* [Brief]
Quote, word for word, only the lines running from the line with "2014年6月12日,临夏外" through the end of the listing. Leave out the pictures.

* [Given data]
• • •

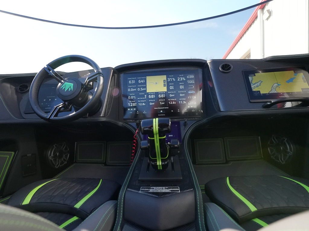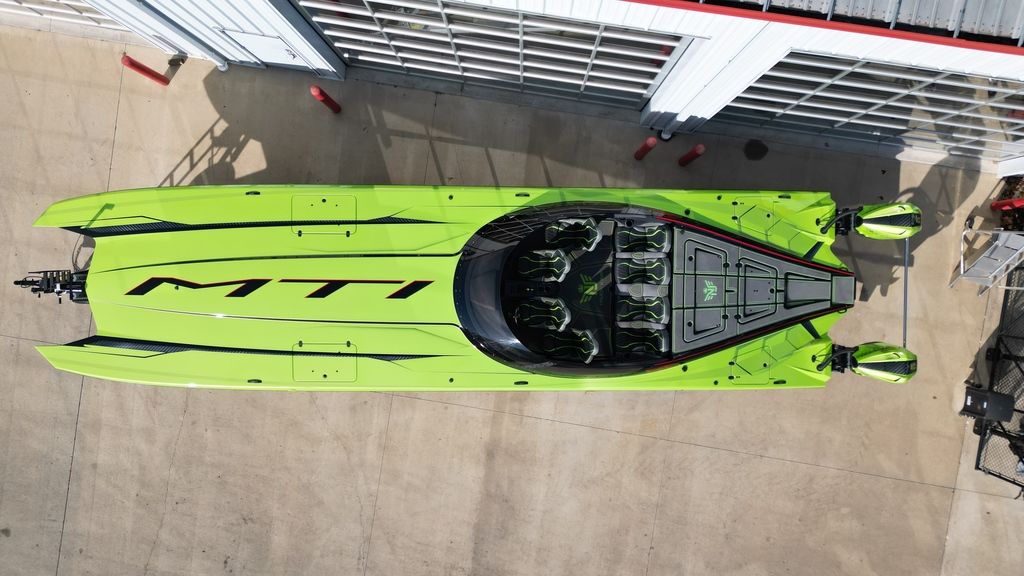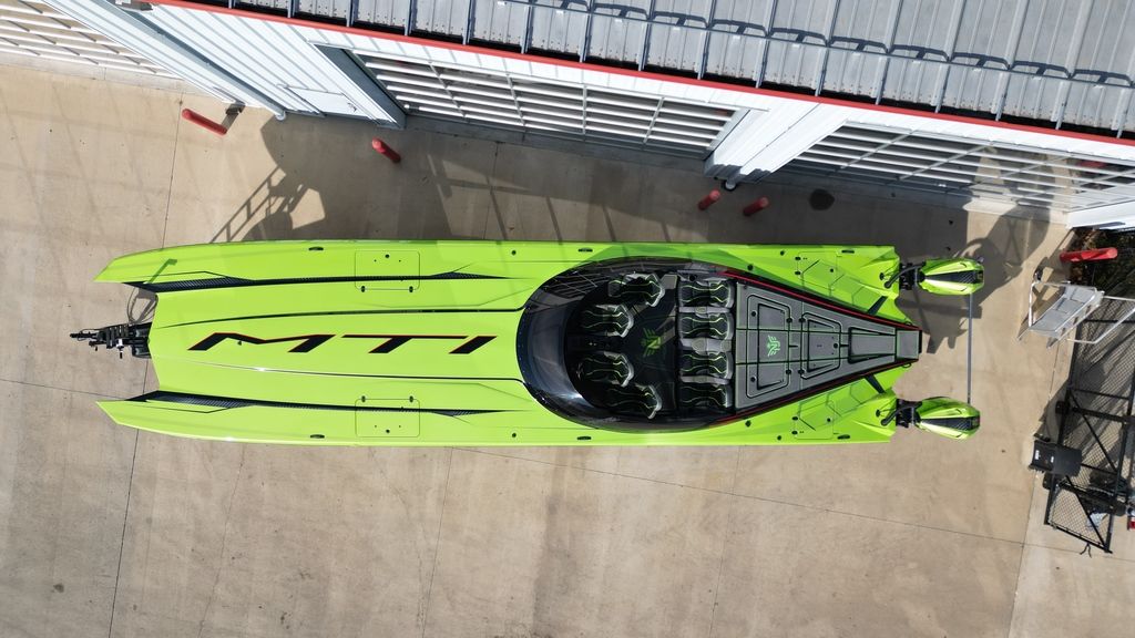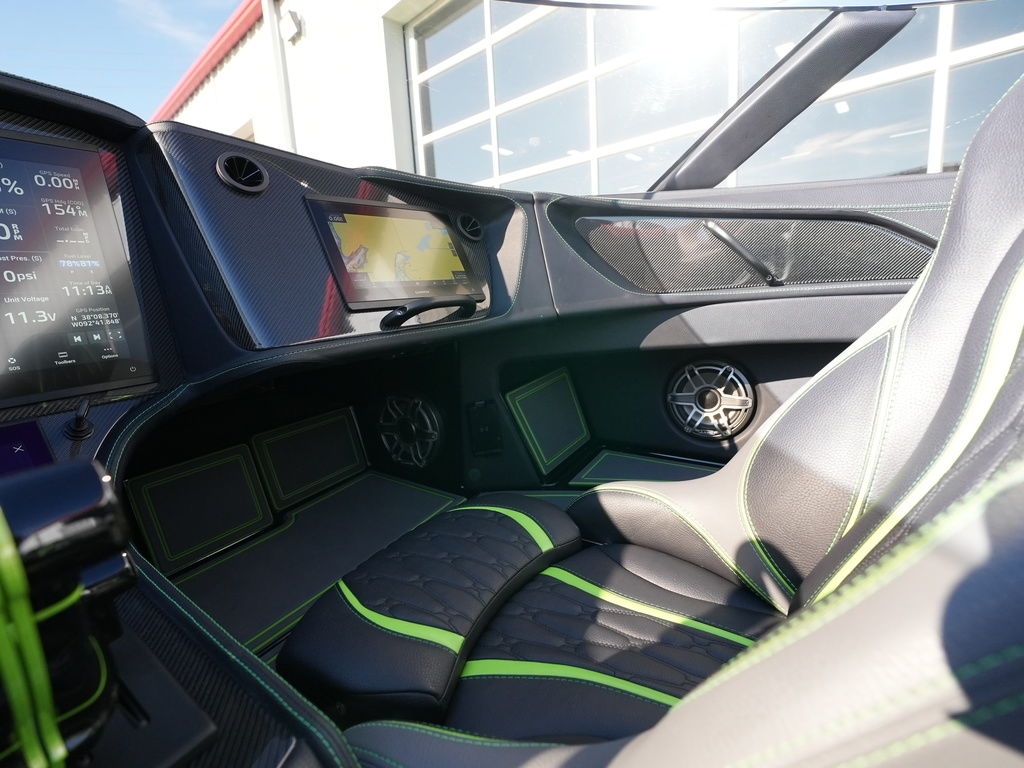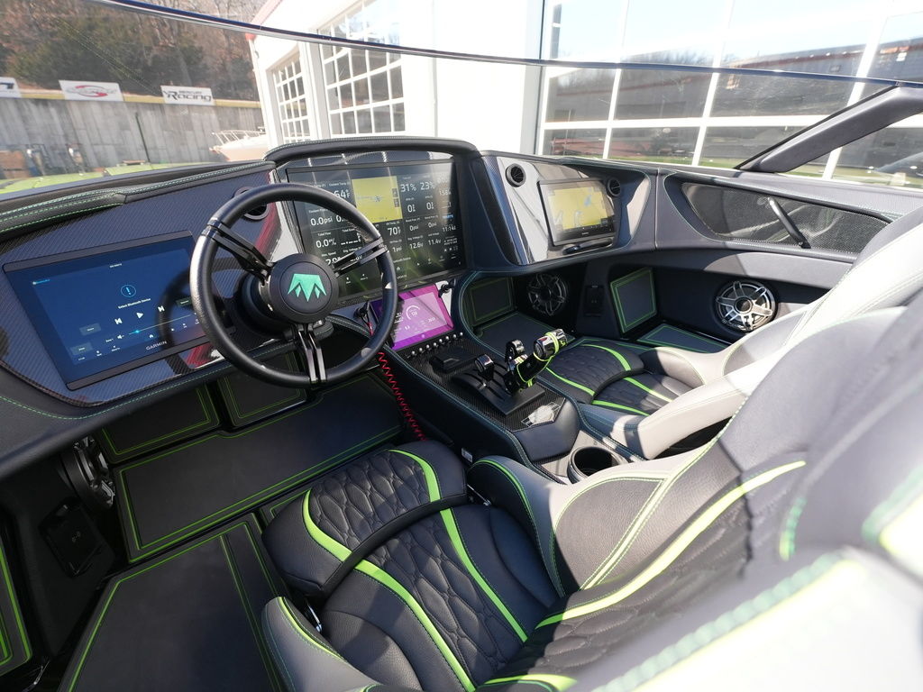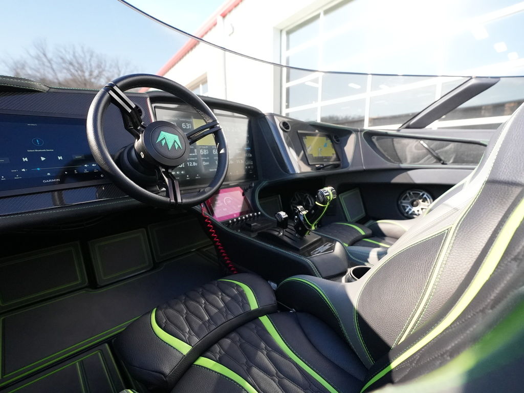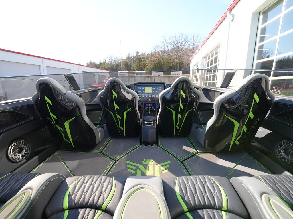 2025 MTI 440X 8-SEATER HEAVILY OPTIONED FOR TWIN MERCURY RACING 500R'S WITH ONLY 95HRS LAMBORGHINI PEARL GREEN CUSTOM PAINT LARGE DASH LAYOUT WITH GARMINS ALL BLACK HARDWARE TINTED WINDSHIELD DUAL HIGH PERFORMANCE BLOWERS REARVIEW CAMERA UNDERWATER SIDE AND REAR LIGHTS RGB SEADEK FLOORING POWER FRONT AND REAR SPEAKER PODS COCKPIT COVER SUNSHADE BRAND NEW MYCO PAINTED TRAILER NEVER USED BOAT SHOWS LIKE NEW
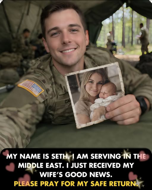 Thousands of miles from home, under unfamiliar skies, Seth carries something more valuable than anything else—a simple photo of his wife and newborn child. 📸 A reminder of the life waiting for him beyond the uniform.
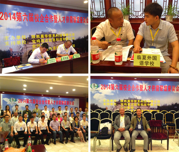 2014年6月12日,临夏外国语学校常务副校长丁继光、校办室主任马明吉应邀参加了在甘肃兰州举行的2014第六届校企合作人才供需联谊洽谈会。此次联谊会是由陕西晨华信息科技有限公司主办,宝鸡易点科技有限公司及浙江温州和兴电子集团赞助举办的。来自全国各地二十三家大型企业负责人和十一所职业院校领导参加了洽谈会。
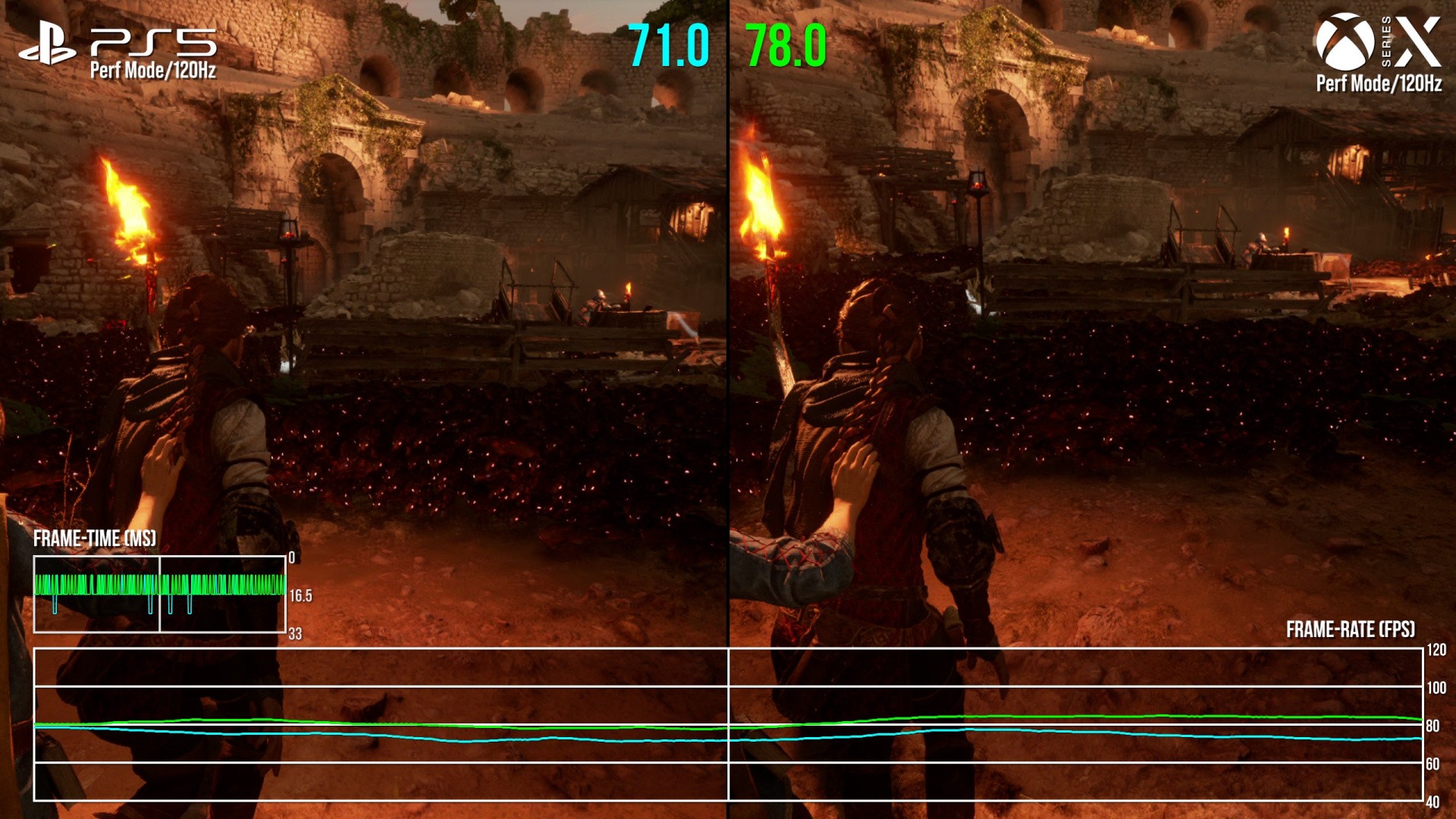 On top of the successes of the 60fps performance mode, there's a surprise extra on update 1.5 here. In hooking your PS5 or Series X up to a 120Hz display instead, this mode runs with an entirely unlocked frame-rate. Potentially this lets the renderer go right up to the max 120fps as well, in rare instances - in select cut-scenes, too. But in general gameplay, we're more often looking at between 70fps to 100fps - occasionally dropping into the mid 60s during the opener around the castle ruins. It's honestly fascinating to see this included, and gives an insight into where the biggest stress test areas are. Into just how wide, or narrow, the clearance is above the 60fps line when running at 60Hz. Another curious twist here is, the rat animation refresh changes to at 60fps instead, so long as either console outputs at 120Hz.

• • •

* [Output of the task]
 2014年6月12日,临夏外国语学校常务副校长丁继光、校办室主任马明吉应邀参加了在甘肃兰州举行的2014第六届校企合作人才供需联谊洽谈会。此次联谊会是由陕西晨华信息科技有限公司主办,宝鸡易点科技有限公司及浙江温州和兴电子集团赞助举办的。来自全国各地二十三家大型企业负责人和十一所职业院校领导参加了洽谈会。
 On top of the successes of the 60fps performance mode, there's a surprise extra on update 1.5 here. In hooking your PS5 or Series X up to a 120Hz display instead, this mode runs with an entirely unlocked frame-rate. Potentially this lets the renderer go right up to the max 120fps as well, in rare instances - in select cut-scenes, too. But in general gameplay, we're more often looking at between 70fps to 100fps - occasionally dropping into the mid 60s during the opener around the castle ruins. It's honestly fascinating to see this included, and gives an insight into where the biggest stress test areas are. Into just how wide, or narrow, the clearance is above the 60fps line when running at 60Hz. Another curious twist here is, the rat animation refresh changes to at 60fps instead, so long as either console outputs at 120Hz.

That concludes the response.